Is the Archer BE550 Worth It?

At around $177 the TP-Link Archer BE550 is one of the most attractive ways into WiFi 7 in 2026. The combination of true tri-band BE9300 WiFi 7, MLO, full 2.5 Gbps WAN and LAN ports and a clean six-antenna design makes it a genuine upgrade over earlier WiFi 6E hardware for buyers with modern client devices. The missing USB port is a fair compromise at the price; buyers who need USB or 10G should step up.

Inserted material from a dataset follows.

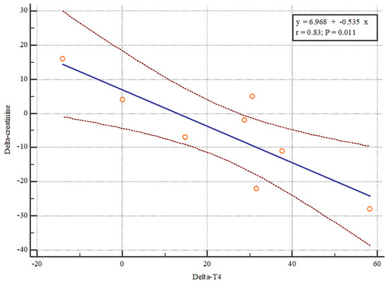 Scatter diagram (with regression line and 95% confidence interval) of delta creatinine (creatinine24months-creatinine0) and T4 (T424months-T0) 12 months after kidney transplantation. The scatter diagram shows how changes in total T4 levels affect changes in creatinine levels, an increase in total T4 levels leads to a decrease in creatinine levels.

For mainstream WiFi 7 buyers it earns a recommendation. The BE550 sits in a useful gap in the market — cheap enough to be a sensible upgrade for someone replacing an older router, but with enough port and radio capability to satisfy a serious home gamer well into the WiFi 7 era. See also our best gaming routers guide.

Frequently Asked Questions

Is WiFi 7 worth it for gaming?

Yes, on compatible devices. WiFi 7 adds MLO and 320 MHz channels, which lower wireless tail latency and raise peak throughput versus WiFi 6E.

Does the Archer BE550 work with older WiFi devices?

Yes. WiFi 7 routers are backwards compatible with WiFi 6E, WiFi 6 and earlier standards on the 2.4 GHz and 5 GHz bands.

Does the Archer BE550 have 2.5 Gbps ports?

Yes. It includes one 2.5 Gbps WAN port and four 2.5 Gbps LAN ports, which is the standout wired feature at this price.

Does the Archer BE550 support mesh networking?

Yes. It supports TP-Link EasyMesh, so it can be paired with other EasyMesh devices to extend coverage in larger homes.